Records for this exercise →
════════════════

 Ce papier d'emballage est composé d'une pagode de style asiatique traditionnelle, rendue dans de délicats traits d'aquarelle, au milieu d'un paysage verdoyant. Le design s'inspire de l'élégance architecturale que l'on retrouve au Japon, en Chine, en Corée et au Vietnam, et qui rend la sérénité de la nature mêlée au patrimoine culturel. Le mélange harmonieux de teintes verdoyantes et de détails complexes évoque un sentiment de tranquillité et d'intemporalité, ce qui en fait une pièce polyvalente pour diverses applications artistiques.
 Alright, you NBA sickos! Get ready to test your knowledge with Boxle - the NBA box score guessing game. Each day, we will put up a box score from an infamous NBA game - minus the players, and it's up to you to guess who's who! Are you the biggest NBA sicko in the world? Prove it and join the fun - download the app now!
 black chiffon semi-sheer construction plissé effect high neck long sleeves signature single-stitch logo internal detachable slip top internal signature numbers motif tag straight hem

════════════════

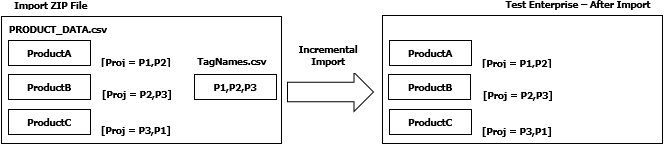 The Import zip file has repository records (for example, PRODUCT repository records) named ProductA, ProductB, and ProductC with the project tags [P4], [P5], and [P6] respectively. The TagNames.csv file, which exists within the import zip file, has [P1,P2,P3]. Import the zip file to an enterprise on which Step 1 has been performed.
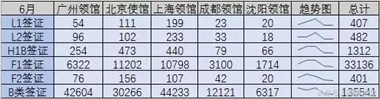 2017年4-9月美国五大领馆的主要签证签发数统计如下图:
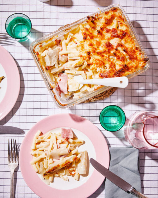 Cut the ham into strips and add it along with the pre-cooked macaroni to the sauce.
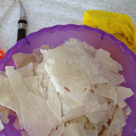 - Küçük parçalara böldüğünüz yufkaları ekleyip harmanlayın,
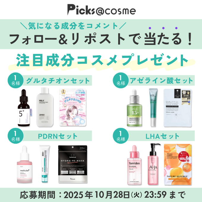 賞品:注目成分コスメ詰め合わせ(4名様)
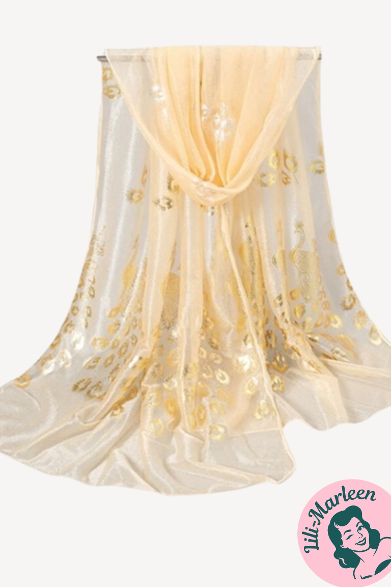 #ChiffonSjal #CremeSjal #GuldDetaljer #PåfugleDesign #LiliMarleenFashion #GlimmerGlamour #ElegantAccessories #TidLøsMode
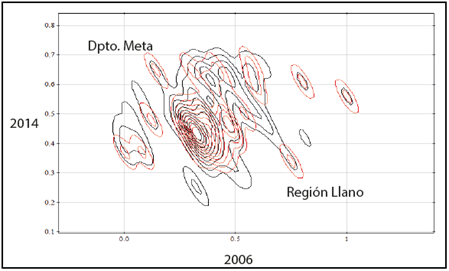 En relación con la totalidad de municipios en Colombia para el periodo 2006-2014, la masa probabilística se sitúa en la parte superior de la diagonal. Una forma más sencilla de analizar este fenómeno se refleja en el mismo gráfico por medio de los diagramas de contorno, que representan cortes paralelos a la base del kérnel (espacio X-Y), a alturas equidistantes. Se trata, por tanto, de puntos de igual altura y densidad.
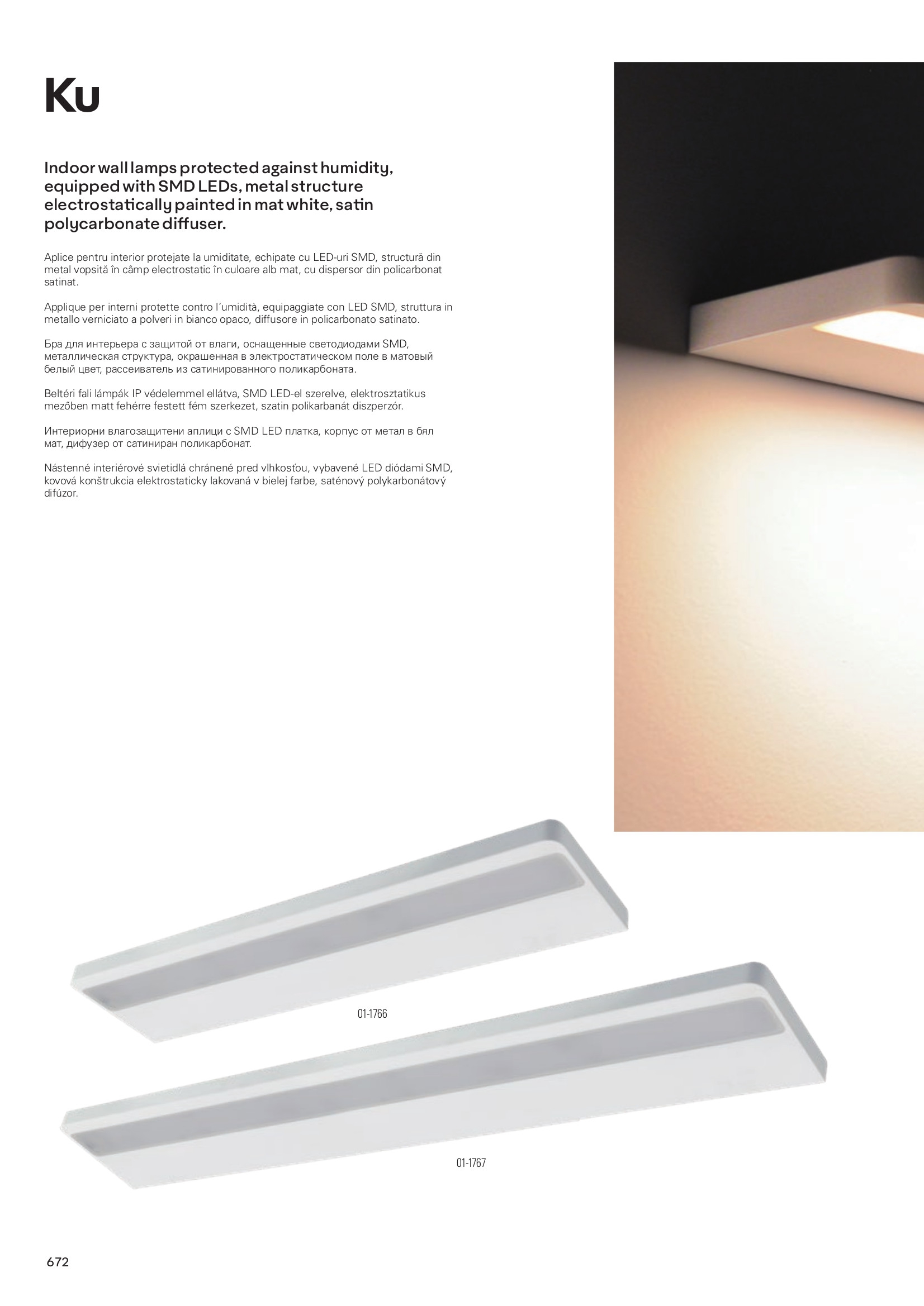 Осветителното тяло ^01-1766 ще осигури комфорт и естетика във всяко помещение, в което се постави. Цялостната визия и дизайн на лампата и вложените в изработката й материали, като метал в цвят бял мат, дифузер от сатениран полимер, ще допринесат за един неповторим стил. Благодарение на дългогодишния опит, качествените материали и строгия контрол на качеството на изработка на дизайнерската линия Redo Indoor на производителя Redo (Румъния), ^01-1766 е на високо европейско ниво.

════════════════

Taking the entries above, copy word for word the lines from the one with "賞品:注目成分コスメ詰め合わせ(4名様)" up to and including the one with "#ChiffonSjal #CremeSjal #GuldDetaljer", without any picture.

Answer to this task →
 賞品:注目成分コスメ詰め合わせ(4名様)
 #ChiffonSjal #CremeSjal #GuldDetaljer #PåfugleDesign #LiliMarleenFashion #GlimmerGlamour #ElegantAccessories #TidLøsMode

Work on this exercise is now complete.